When the communication device is a chip applied to a network device or a terminal device at a transmitting end, the chip implements the functions of the network device or the terminal device at the transmitting end in the above method embodiment. The chip sends information to other modules (such as a radio frequency module or an antenna) in the network device or the terminal device at the sending end, and the information is sent to the terminal device at the receiving end by the network device or the terminal device at the sending end.

It is understood that the Processor in the embodiments of the present Application may be a Central Processing Unit (CPU), other general purpose Processor, a Digital Signal Processor (DSP), an Application Specific Integrated Circuit (ASIC), a Field Programmable Gate Array (FPGA) or other Programmable logic device, a transistor logic device, a hardware component, or any combination thereof. The general purpose processor may be a microprocessor, but may be any conventional processor.

The method steps in the embodiments of the present application may be implemented by hardware, or may be implemented by software instructions executed by a processor. The software instructions may be comprised of corresponding software modules that may be stored in Random Access Memory (RAM), flash Memory, Read-Only Memory (ROM), Programmable ROM (PROM), Erasable PROM (EPROM), Electrically EPROM (EEPROM), registers, a hard disk, a removable disk, a CD-ROM, or any other form of storage medium known in the art. An exemplary storage medium is coupled to the processor such the processor can read information from, and write information to, the storage medium. Of course, the storage medium may also be integral to the processor. The processor and the storage medium may reside in an ASIC. In addition, the ASIC may reside in a network device or a terminal device. Of course, the processor and the storage medium may reside as discrete components in a network device or a terminal device.

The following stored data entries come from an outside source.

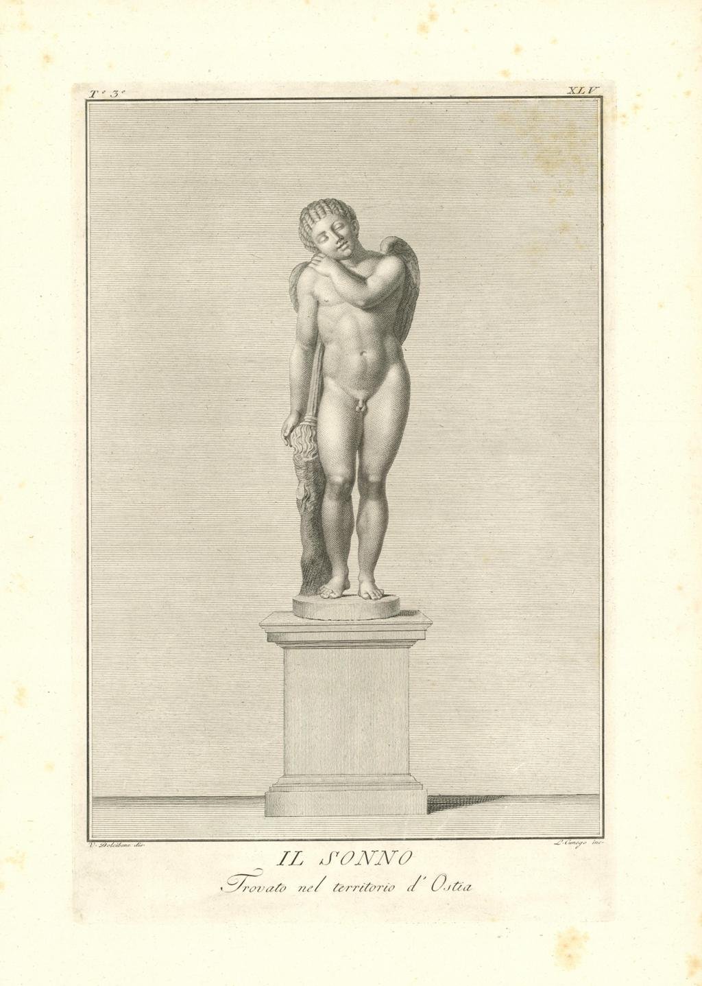 Questa graziosa statua, con sfondo inciso, rappresenta il dio del sonno, nella mitologia greca Hypnos, figlio della Notte e fratello gemello di Tanato. La statua alata dorme in piedi appoggiandosi ad un tronco con la mano destra, i suoi capelli sono acconciati in piccole trecce. La torcia rovesciata sulla destra simboleggia la morte, il sonno eterno, infatti tali sculture sono presenti nei sepolcri antichi. Inserita nell'opera "Il Museo Pio-Clementino descritto da Ennio Quirino Visconti - Tomo terzo - Dedicato alla Santità di Nostro Signore PIO SESTO Pontefice Massimo. Edito da Luigi Mirri / Mercante di quadri incontro il Palazzo Bernini. In Roma MDCCLXXXIV con Privilegio Pontificio. Leggero foxing
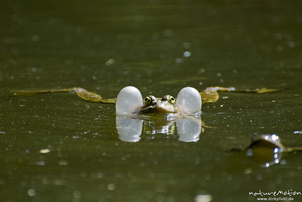Seefrosch, Rana ridibunda, Ranidae, Männchen, rufend, mit aufgeblasenen Schallblasen, Fischteich im Silberbachtal bei Schloßborn, A nature document - not arranged nor manipulated, Königstein im Taunus, Deutschland
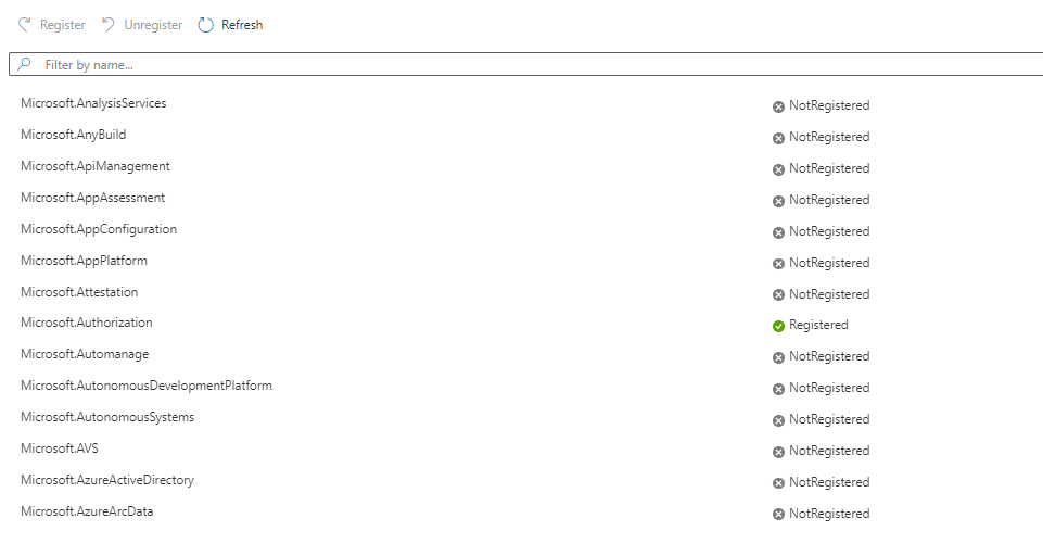 If you want to Register a one just select the resource provider of your choice or you can search for the required resource provider then click on "Register" to register the service in your select subscription. At max, it will take 10-20 seconds to register.
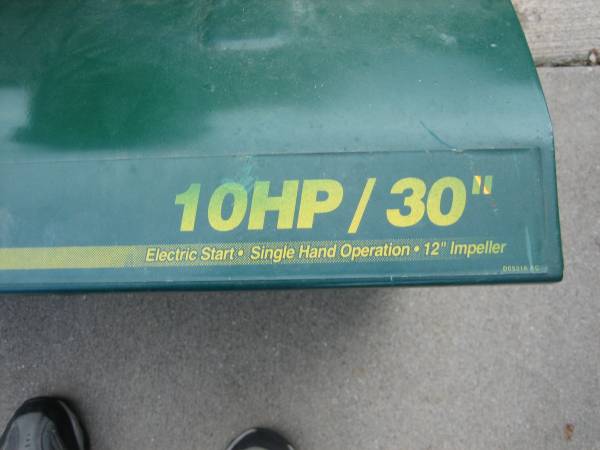 A nice 30 inch, 8 h.p., snow blower. Electric start, self propelled. Usually starts right up at first push of the starter button. Cash at pickup.
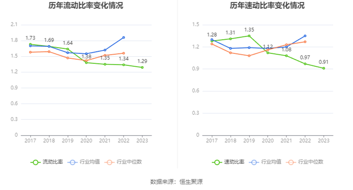 2023年,公司流动比率为1.29,速动比率为0.91。
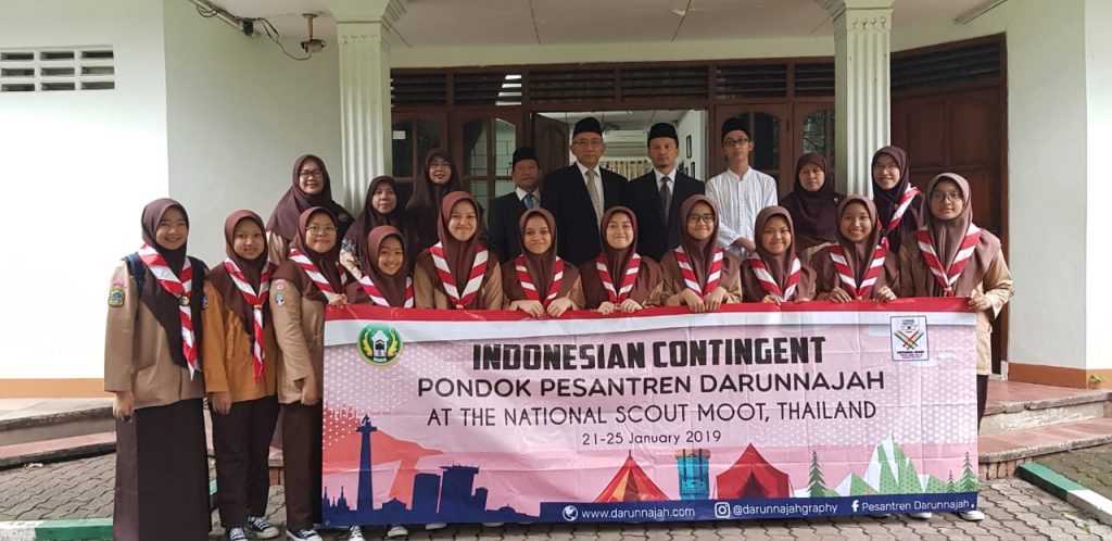 Pimpinan Pesantren Darunnajah Jakarta, K.H. Sofwan Manaf, M.Si beserta beberapa Ustadz Senior turut serta melepas kontingen pramuka yang akan berangkat ke Thailand di Baitul Waqif, sabtu, 19 Januari 2019.
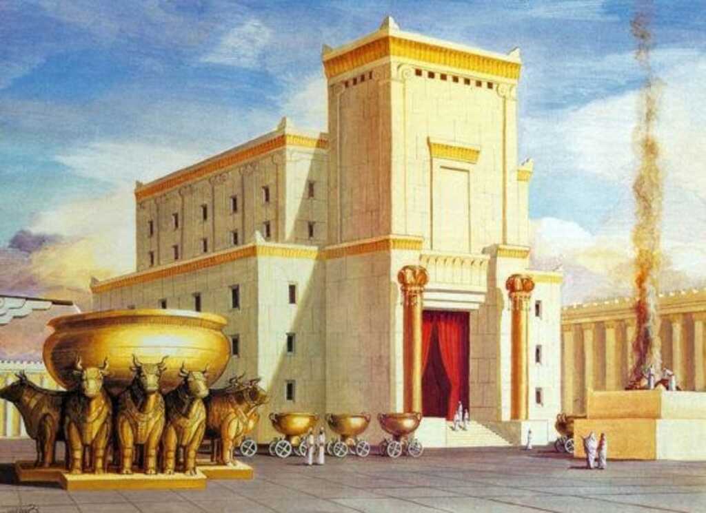 The metal sea. The Temple courtyard also included a large metal sea basins to cleanse both the burnt offerings and the priests who prepared the sacrifices: “2 Also he made the cast metal sea, ten cubits from brim to brim, circular in form, and its height was five cubits and its circumference thirty cubits. 3 Now figures like oxen were under it and all around it, ten cubits, entirely encircling the sea. The oxen were in two rows, cast in one piece. 4 It stood on twelve oxen, three facing the north, three facing west, three facing south and three facing east; and the sea was set on top of them and all their hindquarters turned inwards. 5 It was a handbreadth thick, and its brim was made like the brim of a cup, like a lily blossom; it could hold 3,000 baths. 6 He also made ten basins in which to wash, and he set five on the right side and five on the left to rinse things for the burnt offering; but the sea was for the priests to wash in.” (2 Chr. 4:2-6). The “molten sea” was a bronze basin that was 7 and a half feet deep and 45 feet in circumference. It held between 11,500 and 14,000 gallons of water (2 Chr. 4:5) and was supported by 12 bronze bulls (2 Chr. 4:6). They faced in every compass direction (1 Kgs. 7:25). The sea took the place of the bronze laver in the Tabernacle, which was used for rinsing during the sacrifices (Ex. 30:17-21). King Ahaz later replaced these with a stone base (2 Kgs. 16:17). The sea also served the important role of keeping the priests pure for service.

In the above embodiments, the implementation may be wholly or partially realized by software, hardware, firmware, or any combination thereof. When implemented in software, may be implemented in whole or in part in the form of a computer program product. The computer program product includes one or more computer programs or instructions. When the computer program or instructions are loaded and executed on a computer, the processes or functions described in the embodiments of the present application are performed in whole or in part. The computer may be a general purpose computer, a special purpose computer, a network of computers, or other programmable device. The computer program or instructions may be stored in or transmitted over a computer-readable storage medium. The computer readable storage medium can be any available medium that can be accessed by a computer or a data storage device such as a server that integrates one or more available media. The usable medium may be a magnetic medium, such as a floppy disk, a hard disk, a magnetic tape; or an optical medium, such as a DVD; it may also be a semiconductor medium, such as a Solid State Disk (SSD).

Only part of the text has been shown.